American actor and producer

Drew Seltzer (born June 16, 1981) is an American actor and producer. He portrayed the recurring role of Dale Harmon in the Netflix series Mindhunter and appeared in the television series Elsbeth and FBI.

In film, he portrayed Ray in the independent drama Leaving Circadia (2014), which he also executive produced, and appeared in the Focus Features film Never Rarely Sometimes Always. In 2026, he was cast as David McConaughy in the Civil War drama Gettysburg 1863.
==Early life and education==

Seltzer grew up in Media, Pennsylvania, and attended The Shipley School in Bryn Mawr, before graduating from Penncrest High School. He developed an early interest in acting during his teens through his involvement with Hedgerow Theatre in Rose Valley, Pennsylvania, where he appeared in numerous stage productions and later became a resident actor. He continued his formal training at Rutgers University, earning a Bachelor of Fine Arts degree and studied improvisation at The Second City. During his senior year, he studied at Shakespeare’s Globe Theatre in London while Sir Mark Rylance was serving as the Globe’s artistic director.

==Career==

===Film===

Seltzer made his feature film debut in The Men Who Stare at Goats (2009). In 2014, he executive produced and starred in the independent film Leaving Circadia. The film's premiere at the New Jersey Film Festival was profiled by NJ.com. The film won Directors Choice at Indie Spirit, Best in Festival at the First Glance Film Festival, and the Verizon People's Choice award at Emerge Film Festival.

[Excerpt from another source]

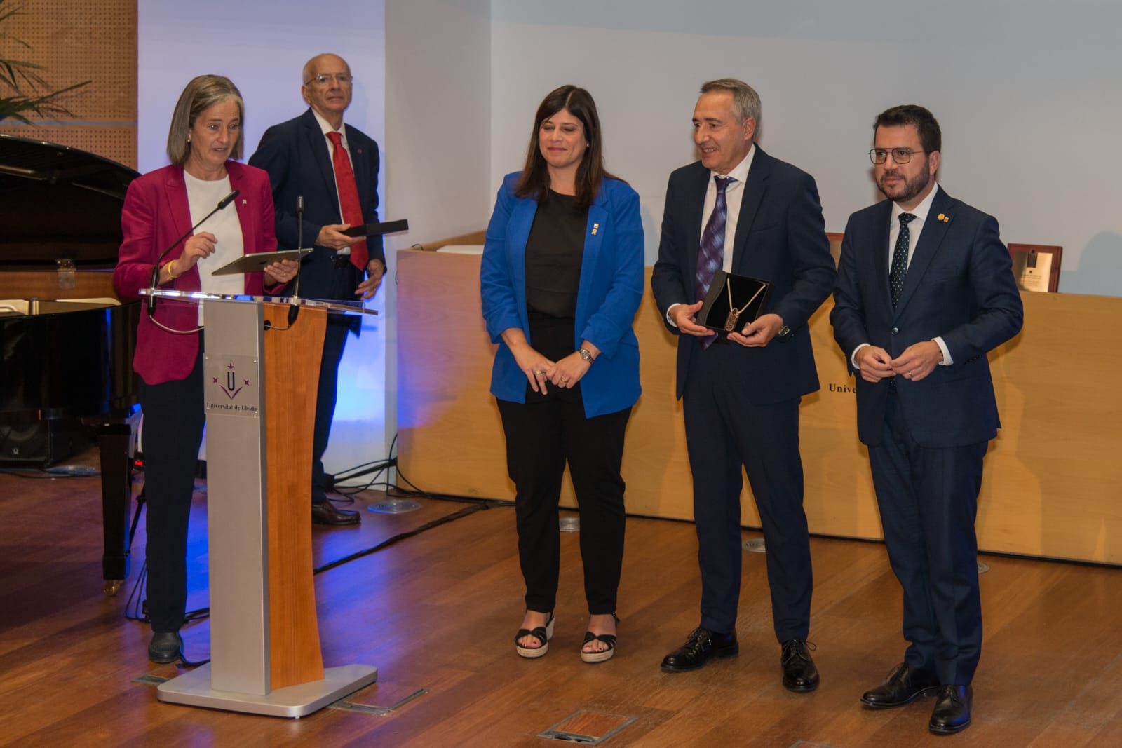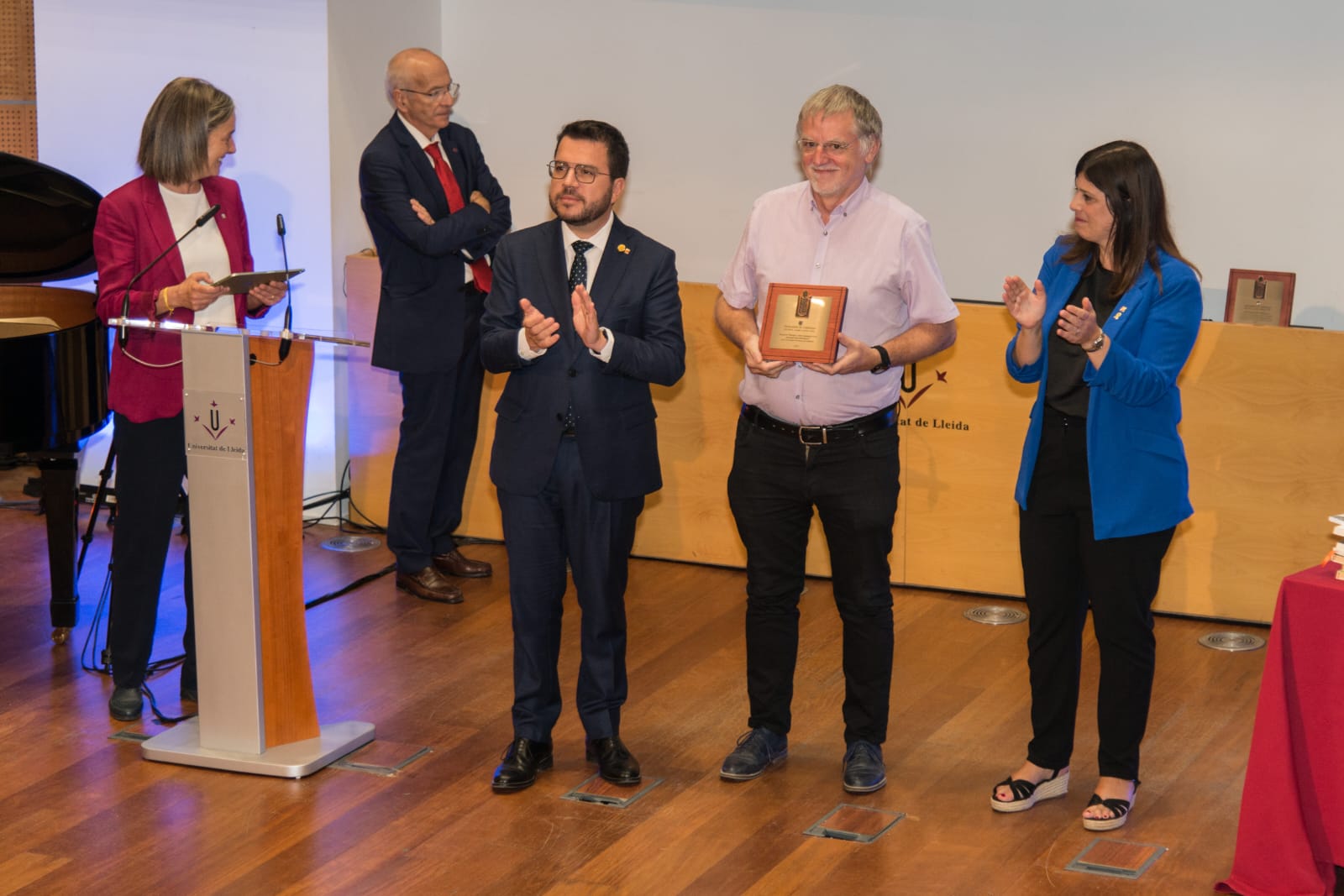 Josep Maria Rossell, recogiendo el galardón durante el acto de inauguración del curso académico de las universidades catalanas

He later appeared as Rick in the drama Never Rarely Sometimes Always, directed by Eliza Hittman. The film was reviewed by publications including IndieWire, winning jury awards at the Sundance Film Festival before being distributed by Focus Features.

In 2026, Deadline Hollywood reported that Seltzer was cast as David McConaughy in the Civil War film Gettysburg 1863, alongside Stephen Lang, Jake Busey, and Bruce Boxleitner. His role was the subject of a profile by The Gettysburg Times.

===Television===

In 2019, Seltzer appeared in a recurring role as Dale Harmon in the Netflix series Mindhunter. Working under the direction of David Fincher, Seltzer portrayed the neighbor of protagonist Bill Tench across multiple episodes. Following this, he later had guest roles in the CBS police procedural FBI, and in 2025, Seltzer appeared in the CBS series Elsbeth as Patrick Palmer.

===Theater===
Seltzer has performed Off-Broadway and in regional theater. In 2004, he was a member of the original cast of The Franklin Thesis, produced by the Tony Awards nominated theater company Les Freres Corbusier. Directed by Alex Timbers, the production premiered at the New Ohio Theatre as part of The Ice Factory Festival.

Seltzer's Off-Broadway credits also include an eight-year tenure in the interactive comedy Tony n' Tina's Wedding, performing at the St. Luke's Theatre on 46th Street in Manhattan's theater district of Times Square.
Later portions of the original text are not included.